Killin Machine
Page 3
*
One afternoon I got up to stretch and take a break from writing. I walked to the living room to look out the window to see what the cat was up to. The mailman had it cornered next to a monstrous elm next to the street and he was spraying mace at her. I stormed outside and demanded that he stop. He stopped and turned back and looked at me.
“That thing hissed at me. I don’t put up with that from animals. She’s lucky that she didn’t get the stick.’ He tapped on a club that he had hanging on his belt in a homemade holster. While he was still focused on me the cat leapt straight up into the higher branches of the tree. I wouldn’t have believed she could’ve done it if I hadn’t seen it with my own eyes. The mailman looked around and then up into the tree.
“What is it with people in this town? She’s only a tiny cat!”
“She might be tiny but she’s a vicious little thing.” He shielded his eyes against the sun as he looked into the tree. “How’d she get way up there? You’re lucky, you speedy little rodent!” He grabbed his bag from the ground. “I hate this job. I swear that I’m just going to dump everybody’s mail right in the trash and walk right off this job and never come back one day.” He stomped off angrily.
“Hey, Mr. Barnes, hey!” yelled Mrs. Hankowitz from her door. She came outside and headed toward my yard. “That man who blew his brains out, I found out who he was.” She tried to catch her breath when she finally was close enough to grab my arm and stabilize herself. “Okay, not exactly who he was but what he was. He was a scientist that worked for the military. Jenny Lopner’s kid is always on the Interweb reading about conspiracies and stuff and he found the man’s picture on a sight. The sight said that he worked in the government’s biological division. Weaponized animals. Chimeras made by combining all kinds of different animals and even people sometimes. He created super animals that they could use for war.”
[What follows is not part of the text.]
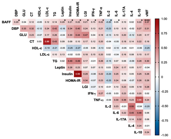 BAFF increases related to hyperinsulinemia, insulin resistance, and endothelial dysfunction. Correlogram of metabolic, inflammatory, and endothelial dysfunction markers related to obesity. Pearson and Spearman correlations are shown according to variable distribution (n = 124). BAFF significant correlations are denoted as * p < 0.05 and *** p < 0.001. BAFF: B-cell activating factor, DBP: diastolic blood pressure, Glu: glucose, CT: total cholesterol, HDL-c: high-density lipoprotein cholesterol, LDL-c: low-density lipoprotein cholesterol, TG: triglycerides, HOMA-IR: homeostatic model assessment, LGI: leucoglycemic index, IFN-γ: interferon gamma, TNF-α: tumor necrosis factor alpha, IL: interleukin, vWF: von Willebrand factor.

“That sounds pretty outrageous, Mrs. Hankowitz. Animal weapons?”
“It’s true. They’ve combined humans and chimpanzees. They call them humanzees. They’ve combined all kinds of stuff. They’ve even weaponized insects. They made a disease in a lab and gave it to deer ticks and then the deer ticks got out of the lab. That’s where Lyme disease came from.” She squeezed my arm. “That’s what that man had been doing. Maybe it had something to do with why he killed himself.”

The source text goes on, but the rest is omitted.